Panelo reiterated that the Rome Statute did not take effect in the Philippines because it was never published in the Official Gazette, the government's official publication. 

"Even if we assume, for the sake of argument, that the Rome Statute became enforceable in the Philippines, the ICC can still no longer exercise its powers over the country as, in such hypothetical case, our withdrawal already became effective last month," he added. 

Panelo also argued that ICC would violate the Rome Statute if it continues with its preliminary examination on Duterte's war on illegal drugs. He said under Article 127 of the Rome Statute, a state that withdrew from the ICC still has the duty to cooperate on criminal investigations.

"Clearly, it is only when a criminal investigation has commenced prior to the effective date of the withdrawal that the ICC can continue with the case initiated. What the ICC, through the Office of the Prosecutor, is conducting is only a preliminary examination and not a criminal investigation or proceeding," the presidential spokesman said.  

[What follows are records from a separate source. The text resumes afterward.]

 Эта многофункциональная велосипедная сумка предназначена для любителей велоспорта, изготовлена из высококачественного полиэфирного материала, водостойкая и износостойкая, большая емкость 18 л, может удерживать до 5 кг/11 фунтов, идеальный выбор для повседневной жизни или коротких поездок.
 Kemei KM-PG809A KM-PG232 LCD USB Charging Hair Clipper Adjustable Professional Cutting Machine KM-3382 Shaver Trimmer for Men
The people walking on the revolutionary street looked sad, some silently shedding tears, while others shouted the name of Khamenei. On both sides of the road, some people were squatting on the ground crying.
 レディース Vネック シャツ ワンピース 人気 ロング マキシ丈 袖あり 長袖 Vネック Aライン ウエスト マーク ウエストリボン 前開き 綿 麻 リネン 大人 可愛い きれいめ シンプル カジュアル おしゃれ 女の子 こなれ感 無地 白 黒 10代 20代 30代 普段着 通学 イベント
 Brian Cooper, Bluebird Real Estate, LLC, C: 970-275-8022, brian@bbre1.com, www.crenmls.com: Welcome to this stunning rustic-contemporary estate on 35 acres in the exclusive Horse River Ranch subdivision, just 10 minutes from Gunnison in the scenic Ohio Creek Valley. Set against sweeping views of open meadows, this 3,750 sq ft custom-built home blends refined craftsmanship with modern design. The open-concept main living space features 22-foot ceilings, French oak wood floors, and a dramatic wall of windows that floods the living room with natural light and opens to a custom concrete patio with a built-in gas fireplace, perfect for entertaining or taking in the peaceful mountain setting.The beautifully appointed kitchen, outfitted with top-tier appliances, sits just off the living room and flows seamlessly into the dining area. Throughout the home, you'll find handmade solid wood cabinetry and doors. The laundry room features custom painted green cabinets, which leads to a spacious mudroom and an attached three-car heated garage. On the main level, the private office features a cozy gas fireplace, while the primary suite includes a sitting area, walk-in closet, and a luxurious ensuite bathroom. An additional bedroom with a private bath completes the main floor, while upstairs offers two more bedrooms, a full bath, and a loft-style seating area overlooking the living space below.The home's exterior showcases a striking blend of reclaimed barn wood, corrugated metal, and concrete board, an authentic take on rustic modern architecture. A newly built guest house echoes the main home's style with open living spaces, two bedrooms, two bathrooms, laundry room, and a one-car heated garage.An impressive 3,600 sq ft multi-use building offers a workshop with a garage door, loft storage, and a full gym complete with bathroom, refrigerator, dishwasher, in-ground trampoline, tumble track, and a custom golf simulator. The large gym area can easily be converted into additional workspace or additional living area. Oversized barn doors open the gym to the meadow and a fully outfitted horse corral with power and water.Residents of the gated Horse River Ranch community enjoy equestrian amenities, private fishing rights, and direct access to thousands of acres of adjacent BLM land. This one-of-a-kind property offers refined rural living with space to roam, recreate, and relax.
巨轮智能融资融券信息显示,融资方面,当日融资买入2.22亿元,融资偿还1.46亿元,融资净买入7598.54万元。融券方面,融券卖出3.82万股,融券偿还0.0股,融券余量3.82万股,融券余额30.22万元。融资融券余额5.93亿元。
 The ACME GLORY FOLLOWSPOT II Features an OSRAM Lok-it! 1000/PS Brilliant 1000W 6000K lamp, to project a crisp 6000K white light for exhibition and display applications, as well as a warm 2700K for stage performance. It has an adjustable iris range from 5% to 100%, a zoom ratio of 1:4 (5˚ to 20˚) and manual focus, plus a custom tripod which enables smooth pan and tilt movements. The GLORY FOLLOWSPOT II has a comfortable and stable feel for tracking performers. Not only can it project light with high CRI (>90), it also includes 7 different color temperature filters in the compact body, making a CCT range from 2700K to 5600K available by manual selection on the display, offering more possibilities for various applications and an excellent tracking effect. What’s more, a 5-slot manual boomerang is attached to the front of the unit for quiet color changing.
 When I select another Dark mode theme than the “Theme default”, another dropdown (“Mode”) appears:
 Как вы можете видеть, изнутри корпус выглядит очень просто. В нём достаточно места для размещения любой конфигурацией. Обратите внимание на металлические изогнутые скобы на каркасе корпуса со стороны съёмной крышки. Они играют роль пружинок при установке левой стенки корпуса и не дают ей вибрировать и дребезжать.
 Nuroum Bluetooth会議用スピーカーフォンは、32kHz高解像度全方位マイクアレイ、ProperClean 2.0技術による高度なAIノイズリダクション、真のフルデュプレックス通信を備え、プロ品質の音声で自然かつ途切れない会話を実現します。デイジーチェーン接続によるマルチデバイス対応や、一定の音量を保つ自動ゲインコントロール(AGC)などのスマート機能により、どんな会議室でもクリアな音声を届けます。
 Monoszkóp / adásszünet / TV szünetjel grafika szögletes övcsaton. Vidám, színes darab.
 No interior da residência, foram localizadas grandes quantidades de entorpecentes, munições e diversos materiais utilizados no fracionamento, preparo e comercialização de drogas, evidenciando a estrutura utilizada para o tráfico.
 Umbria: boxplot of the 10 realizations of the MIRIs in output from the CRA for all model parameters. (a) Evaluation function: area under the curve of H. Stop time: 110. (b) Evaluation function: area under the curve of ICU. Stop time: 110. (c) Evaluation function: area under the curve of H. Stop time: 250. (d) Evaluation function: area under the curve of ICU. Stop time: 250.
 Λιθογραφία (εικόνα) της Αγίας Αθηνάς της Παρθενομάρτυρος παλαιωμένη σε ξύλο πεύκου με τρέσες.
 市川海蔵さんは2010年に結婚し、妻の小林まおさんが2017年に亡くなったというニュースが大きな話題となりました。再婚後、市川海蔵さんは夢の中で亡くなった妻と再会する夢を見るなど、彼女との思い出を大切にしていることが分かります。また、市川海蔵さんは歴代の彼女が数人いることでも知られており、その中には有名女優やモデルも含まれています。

"In addition, there is nothing under consideration by the Court yet as the matter is still with the Office of the Prosecutor. With the categorical wordings of Article 127, there is therefore no basis under the Rome Statute for the ICC to proceed with any of its activities relative to the President’s programs against illegal drugs," he added. 

Panelo said ICC's actions are "baseless" and "tainted with political motivation" because the Philippines never became part of the tribunal's jurisdiction. 

"We reiterate that the Rome Statute, being a law penal in nature, never took effect in the country. Claiming otherwise without the requisite publication violates sections 1 and 7 of the Bill of Rights which respectively guarantee the rights of the people to due process and to be informed on matters of national concern," he added. 

Panelo also argued that under the Rome Statute, the ICC could only act "if there is inability or unwillingness of the state party to investigate and prosecute its own offenders for the commission of crimes."

"In this connection, we urge any individual who has sufficient evidence to file a case before a Philippine court of competent jurisdiction and contend that the deaths resulting from the war against illicit drugs are State-sponsored," the presidential spokesman said.  

He said the filing of charges would determine if the Philippine government is not willing or capable to investigate and prosecute alleged crimes arising from the anti-drug campaign. 

"Should there be no cases filed, we can only surmise that no person can gather evidence, as there is none, which can prove that the deaths from the war on drugs are State-initiated," Panelo said.  

"Revelations will then be had that all these allegations are mere fabrications contrived by those who wish to destroy the anti-illegal drug campaign of the President," he added.